- _Record excerpts_
# # # #

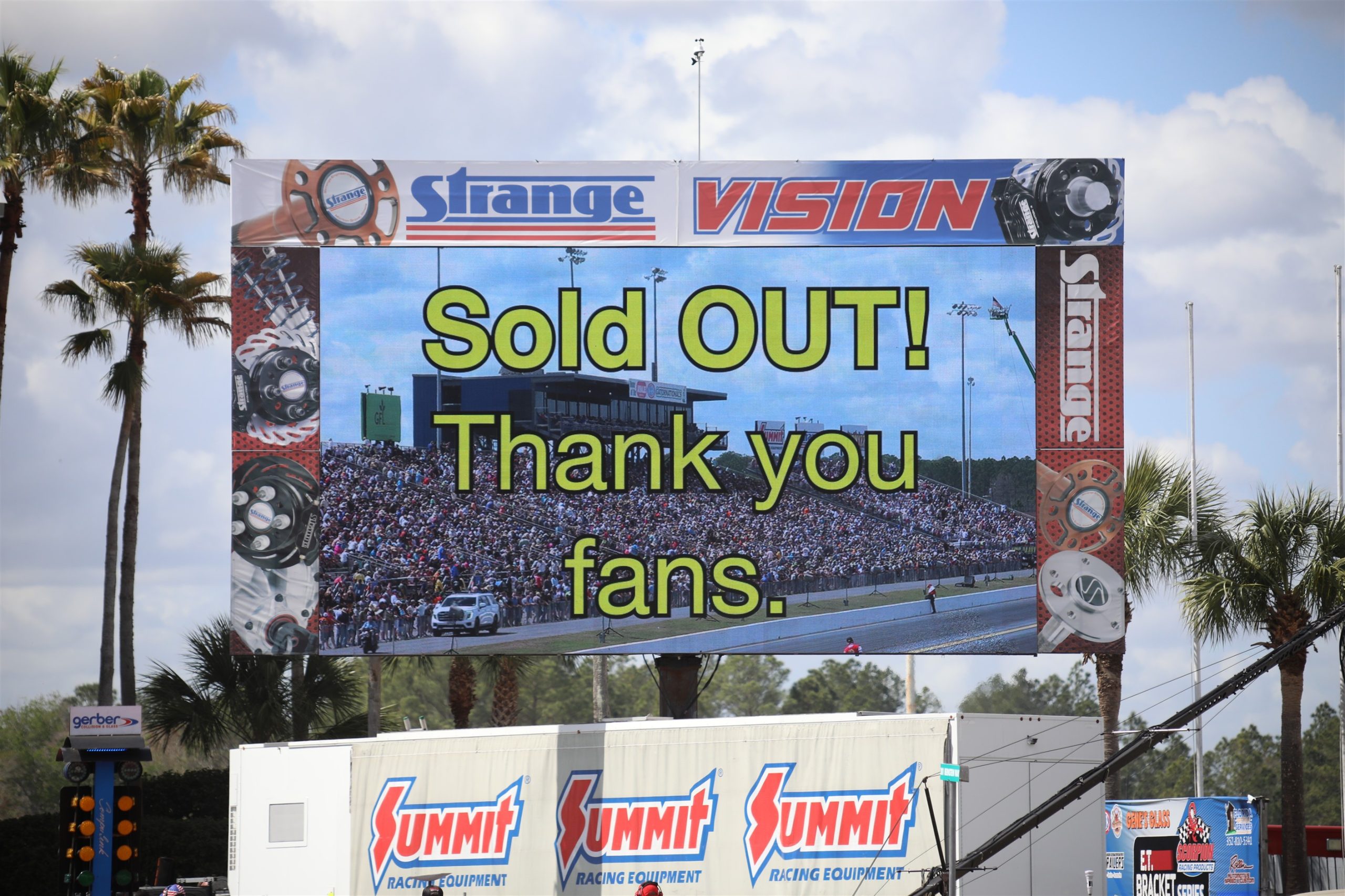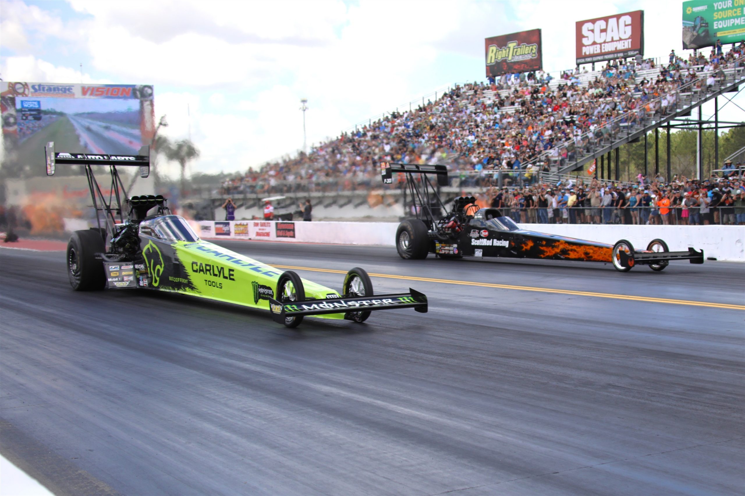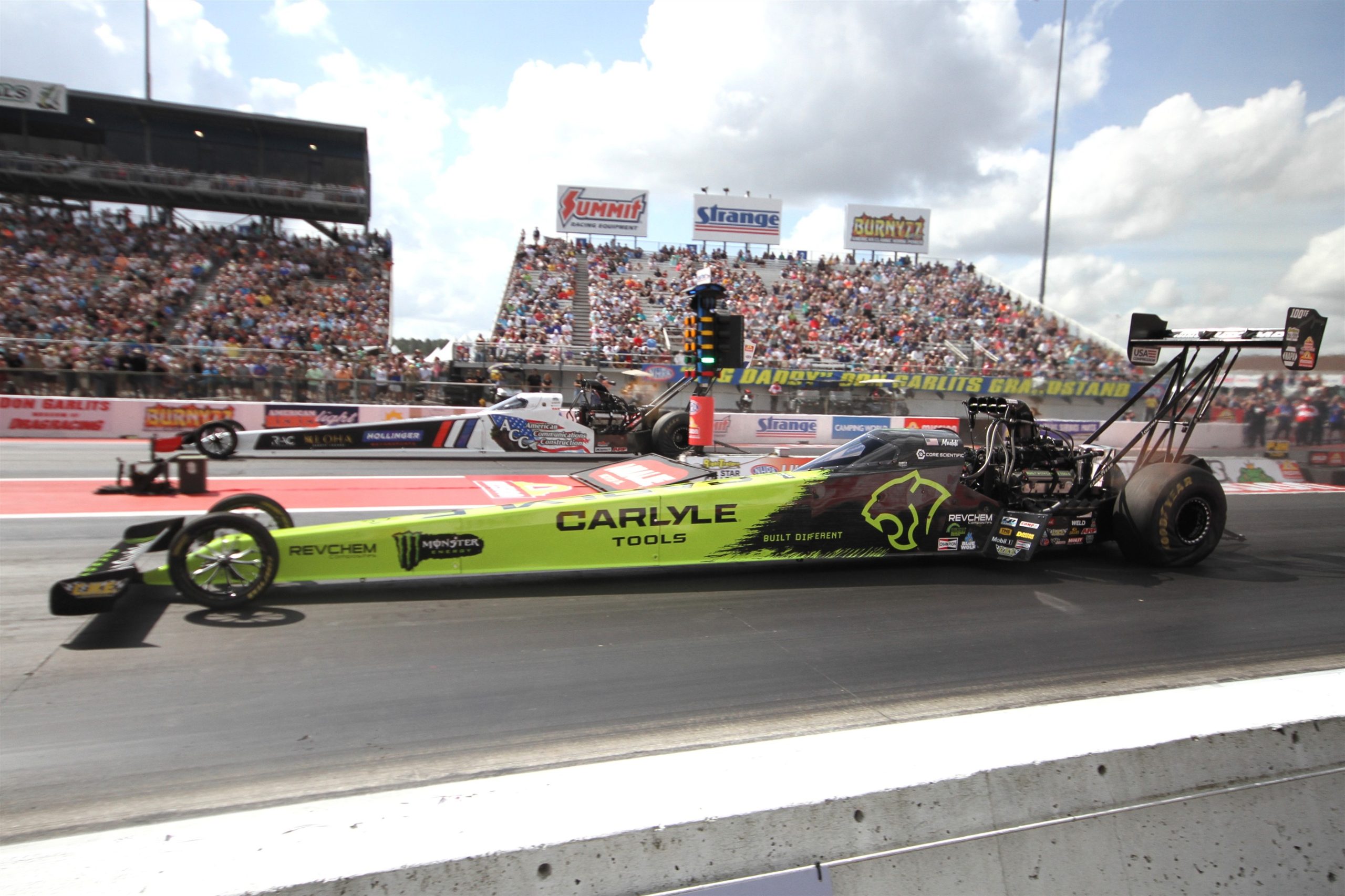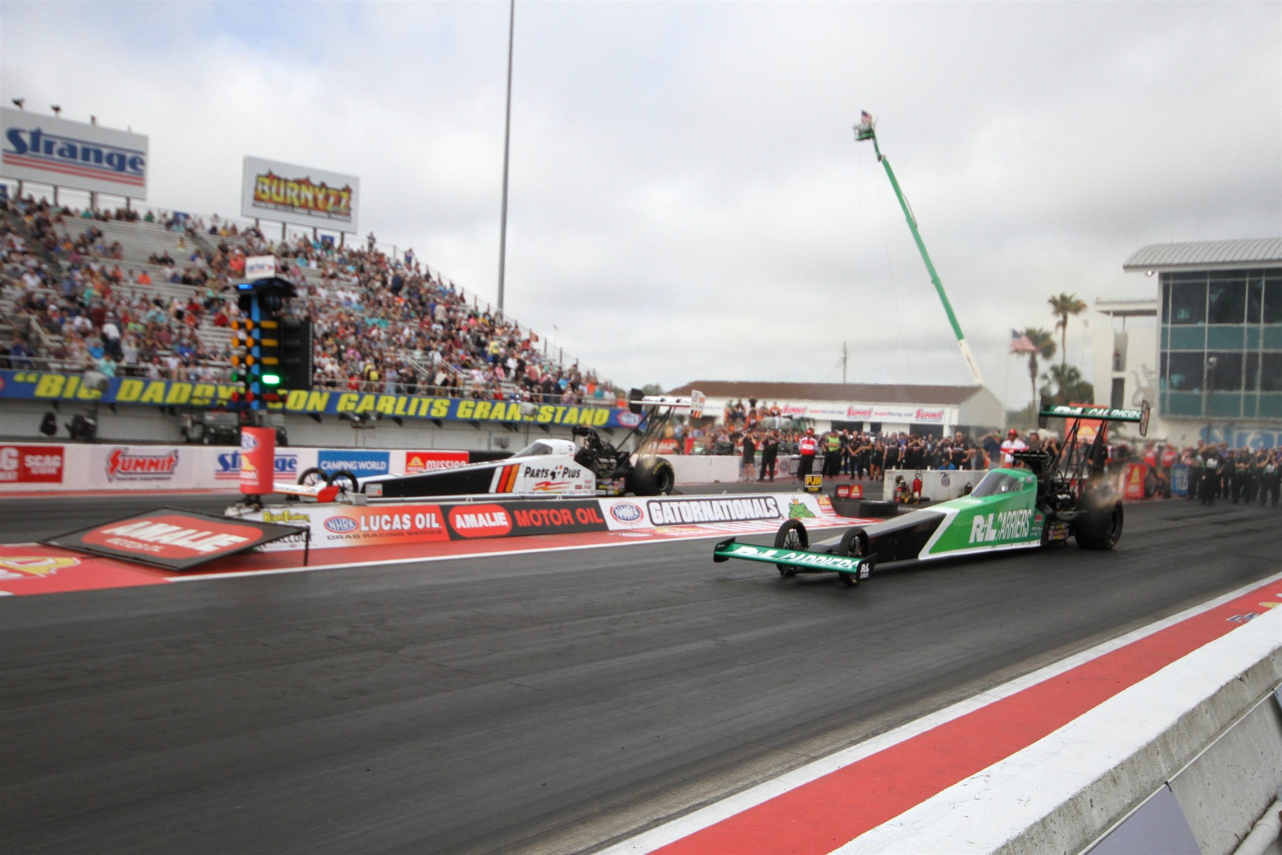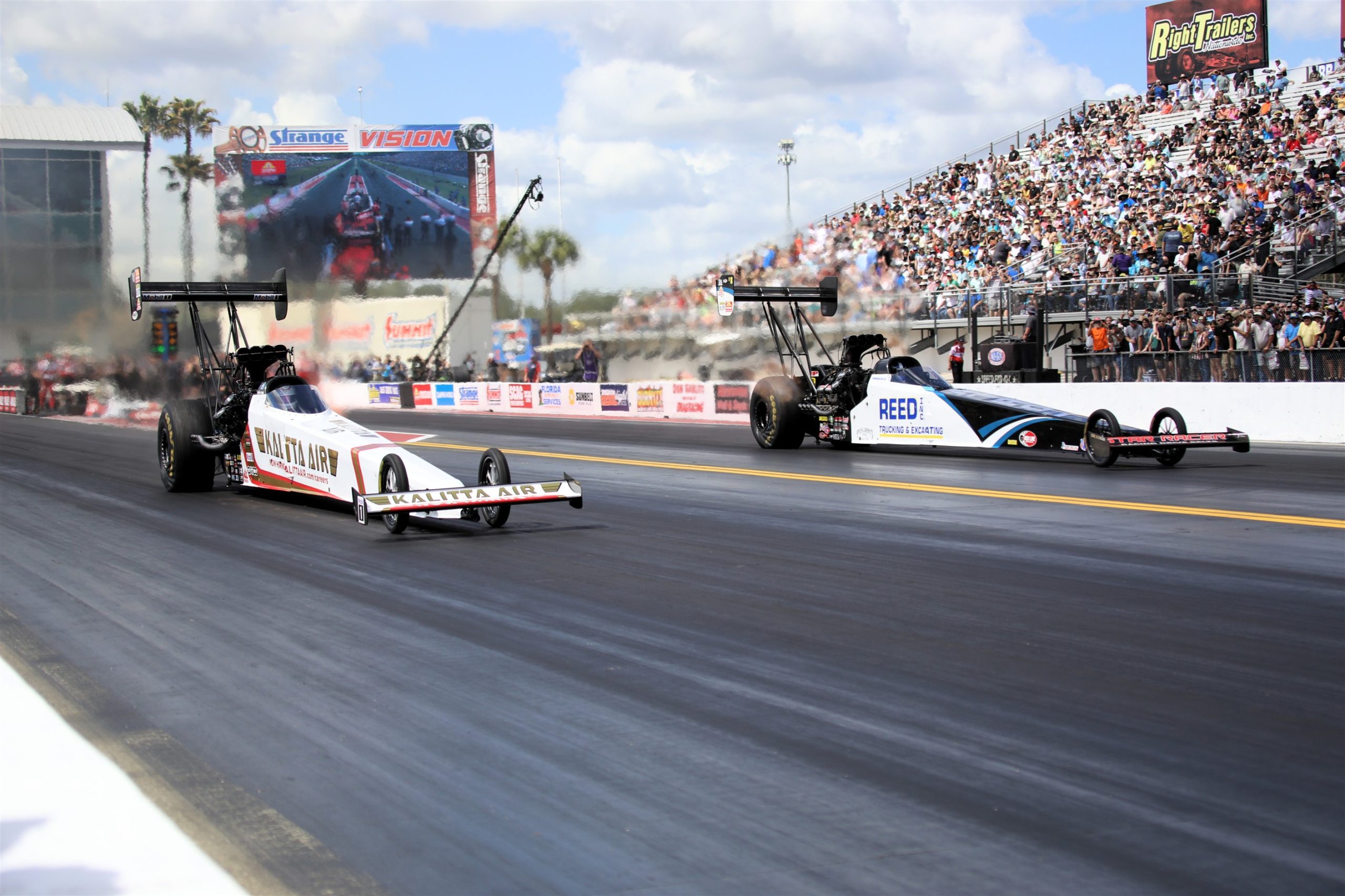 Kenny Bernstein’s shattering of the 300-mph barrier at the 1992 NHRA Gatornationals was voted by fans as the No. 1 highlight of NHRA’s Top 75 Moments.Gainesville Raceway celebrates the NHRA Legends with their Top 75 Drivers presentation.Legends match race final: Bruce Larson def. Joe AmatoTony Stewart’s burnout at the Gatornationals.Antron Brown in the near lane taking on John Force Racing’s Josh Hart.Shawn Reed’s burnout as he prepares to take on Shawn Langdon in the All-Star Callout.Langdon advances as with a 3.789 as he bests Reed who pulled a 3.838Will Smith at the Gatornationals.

# # # #

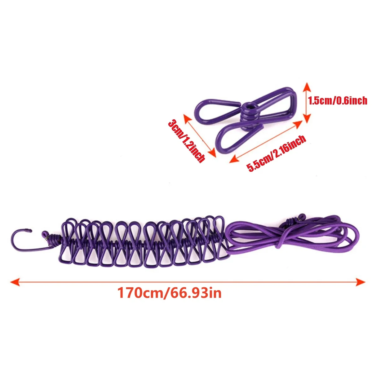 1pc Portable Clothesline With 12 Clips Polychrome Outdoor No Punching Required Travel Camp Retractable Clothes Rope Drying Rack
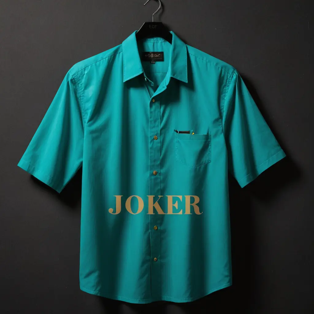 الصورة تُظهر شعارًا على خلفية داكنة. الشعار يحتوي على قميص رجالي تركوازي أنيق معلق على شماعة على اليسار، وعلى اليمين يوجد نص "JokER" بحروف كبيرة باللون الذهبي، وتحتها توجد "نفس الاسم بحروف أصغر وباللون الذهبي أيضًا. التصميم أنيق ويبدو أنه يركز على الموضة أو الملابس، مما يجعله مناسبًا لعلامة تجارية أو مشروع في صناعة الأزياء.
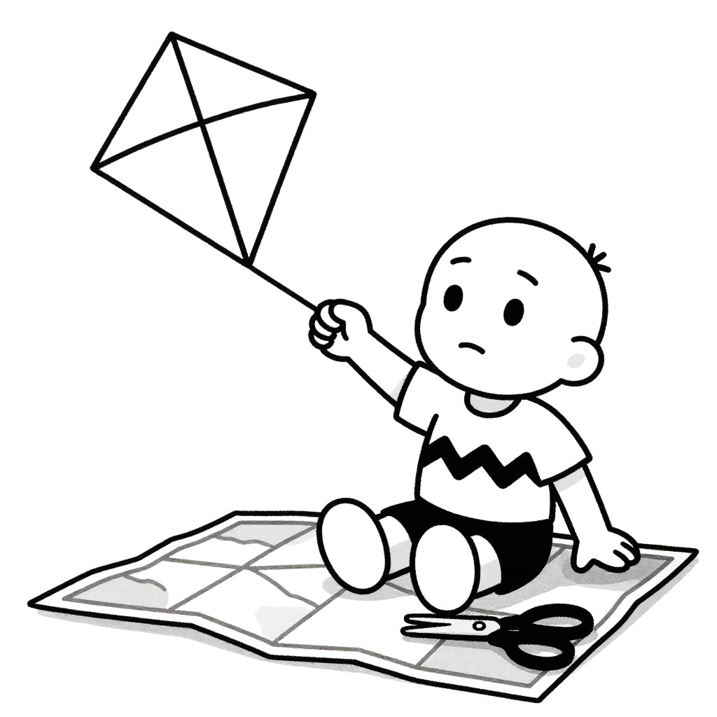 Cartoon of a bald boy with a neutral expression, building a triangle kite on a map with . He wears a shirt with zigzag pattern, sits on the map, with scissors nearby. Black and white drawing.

# # # #

- _What you should do_
Output exactly the lines above, from the line with "الصورة تُظهر شعارًا" to the line with "Cartoon of a", both included; skip the pictures.

- _Response for this exercise_
 الصورة تُظهر شعارًا على خلفية داكنة. الشعار يحتوي على قميص رجالي تركوازي أنيق معلق على شماعة على اليسار، وعلى اليمين يوجد نص "JokER" بحروف كبيرة باللون الذهبي، وتحتها توجد "نفس الاسم بحروف أصغر وباللون الذهبي أيضًا. التصميم أنيق ويبدو أنه يركز على الموضة أو الملابس، مما يجعله مناسبًا لعلامة تجارية أو مشروع في صناعة الأزياء.
 Cartoon of a bald boy with a neutral expression, building a triangle kite on a map with . He wears a shirt with zigzag pattern, sits on the map, with scissors nearby. Black and white drawing.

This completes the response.